------ GIVEN INFORMATION
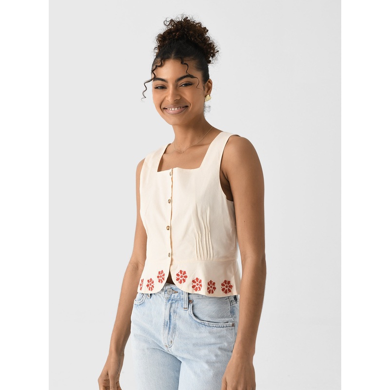 DESCRIPTION:This sleeveless top features delicate red floral embroidery along the hem, adding a touch of feminine charm. The square neckline and button-down front create a classic silhouette, while the subtle peplum adds a hint of volume.FEATURES:Square Ne
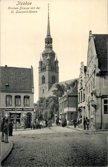 Ak Itzehoe in Holstein, Kirchenstraße mit der St. Laurentii-Kirche, Kaiser´s Kaffee Geschäft
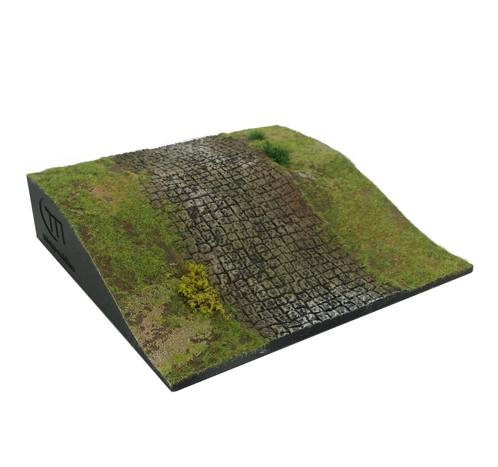 Bei Tabletop-Modellbau gibt es ein Modul, eine Steigung mit einem Kopfsteinpflaster-Weg, um einen Aufgang zu einer neuen Höhenstufe zu ermöglichen.
------------
● TASK DESCRIPTION: Beginning with the line that contains "Ak Itzehoe in" and ending with the last line of the data, transcribe each line exactly; pictures stay out.

● FINISHED TASK:
 Ak Itzehoe in Holstein, Kirchenstraße mit der St. Laurentii-Kirche, Kaiser´s Kaffee Geschäft
 Bei Tabletop-Modellbau gibt es ein Modul, eine Steigung mit einem Kopfsteinpflaster-Weg, um einen Aufgang zu einer neuen Höhenstufe zu ermöglichen.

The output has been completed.